Fernando sabia que o empregado era muito sagaz, mas não tanto. Imaginou que inventara quase tudo. Afinal, Jeremias estava morto. Não confirmaria mas também não negaria. Maria, por sua vez, não poderia ser argüida. O estafermo estava saindo-se muito bem. Até na expressão dolorosa do rosto.

— E quanto a mim, também tem atenuantes?

— Não tenho. Dona Dolores foi informada de todas as saídas. Mas o Senhor não fez nunca nada de errado...

— Fui à umbanda. Fui ao centro espírita. Fui a boates...

— As boates, eu não informei. Pode perguntar a ela. Quanto à religião, cada qual é livre de ter a que melhor...

— Qual é a sua?

Fernando sabia bem que era católico.

— Não tenho nenhuma.

— Mas você freqüenta a igreja...

— A pedido de Dona Maria, para conversar com ela.

Fernando percebeu que, se quisesse a verdade, não seria através de Joaquim.

— Vamos pôr uma pedra sobre tudo isso. Você continua no emprego. Mas não será prestigiado, a não ser que desapareça das minhas pegadas. E não volte à igreja. Esse seu papel não é digno...

Ia começar a dizer algumas poucas e boas que preparara quando a raiva era mais forte. Mas as emoções do dia não lhe davam ânimo.

— Vai... Vai...

— Muito obrigado, Senhor. Estarei sempre reconhecido.

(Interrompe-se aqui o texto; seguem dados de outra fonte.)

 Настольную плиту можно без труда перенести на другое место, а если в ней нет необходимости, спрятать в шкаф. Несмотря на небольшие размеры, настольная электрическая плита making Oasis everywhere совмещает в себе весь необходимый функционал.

O dia prometia ser terrivelmente pesado.

Quis saber se João estava.

— No depósito.

Não julgou oportuno atrapalhar o serviço em seu início. Com certeza era trabalho para dois dias. No máximo.

Do hospital ligara para os responsáveis pelos negócios do amigo. Havia tempo até o almoço para descansar. Percebeu que carregara consigo os livros que guardara na maleta. Teria cabeça para ler algo?

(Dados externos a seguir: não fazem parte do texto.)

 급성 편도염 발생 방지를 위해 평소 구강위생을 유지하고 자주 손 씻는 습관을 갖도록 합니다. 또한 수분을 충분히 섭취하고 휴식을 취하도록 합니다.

Leu os títulos. Curioso. Interessou-se por O CÉU E O INFERNO. Agora que a morte chegara tão perto, a religião parecia sedimentar as emoções e as reflexões. Será que Jeremias se conscientizara já do passamento? Como diriam os espíritas? Desencarnação, desencarne. Percebeu o subtítulo: A JUSTIÇA DIVINA SEGUNDO O ESPIRITISMO. As inscrições da página de rosto pareceram-lhe adequadíssimas para a ocasião. Folheou o grosso volume. Notou que havia duas partes. Leria um depoimento psicografado. Reparou que os termos iam incorporando-se ao seu vocabulário.

Quando ia iniciar leitura ao acaso, percebeu que estava na companhia do Roque. Não o via nitidamente. Aliás, melhor dizendo, apenas lhe sentia a presença, como se a imagem se formasse na mente por força das lembranças que guardara. Qual seria o papel dessa personagem, no interesse de sua formação espiritual? Protetor, benfeitor, incentivador, anjo da guarda, alma penada a resgatar débitos, sustentador de decisões... Os nomes cruzavam-lhe na mente, sem lhe darem tempo de se fixar em um único. Talvez estivesse ali para cumprir apenas missão de despertador para os fenômenos paranormais.

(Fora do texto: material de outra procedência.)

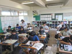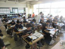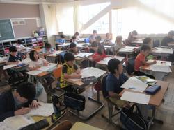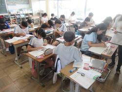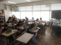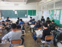 「思いやり」という4字の毛筆の授業でした。漢字と平仮名の大きさに気をつけて取り組んでいる子が多かったです。毛筆で1字1字丁寧に書くという時間、心も落ち着く、素敵な時間だなと感じました。中学校に行ったら、なかなか取り組めないかと思います。小学生のうちにじっくり味わって欲しいと思います。
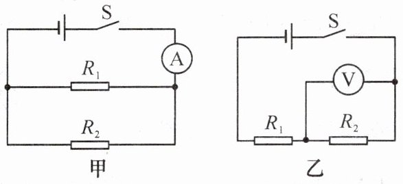 11. (2023·绥化)定值电阻$R_1$和$R_2$并联在如图甲所示电路中,电流表的示数为$0.5\ A$,通过$R_1$的电流为$0.3\ A$,则通过$R_2$的电流为
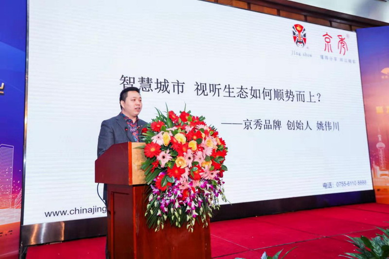 作為本屆論壇總冠名 京秀文化 的總經(jīng)理 姚偉川針對(duì)當(dāng)下大環(huán)境的影響,提出借力 智慧城市,讓視聽(tīng)生態(tài)順勢(shì)而上的觀點(diǎn)。

Tão acostumado estava ficando com a proximidade dos seres do outro plano, que até se sentiu bem, como se a deliberação da leitura estivesse sendo apoiada. Se tivesse despedido o Joaquim, o espírito do Roque ali estaria? Por certo não, pois a sua mente ficaria mais absorvida pela ação, já que teria feito malograr os projetos profissionais de uma pessoa que necessita do emprego para sustentar a família. A que ponto estava reduzido o infeliz.

Fernando não teve dúvida de que as questões iam sendo respondidas por inspiração. Era como se o Roque lhe desse as informações diretas para a mente. Não seria diferente na telepatia. Conversava, pois, a distância. A sensação era muito agradável. Enquanto isso, o livro jazia aberto à sua frente, inútil.

Resolveu que começaria pelo início. Se as letras se embaralhassem, voltaria. Tinha tempo. Aos poucos, foi impregnando-se no texto. A realidade tangível foi perdendo a vitalidade de contacto. Alcançou concentração.

Ao meio-dia, despertou. Estava atrasado. Nem pensou em comer. Se Dolores não tiver almoçado, iriam lanchar juntos. Será que os médicos teriam alguma resposta?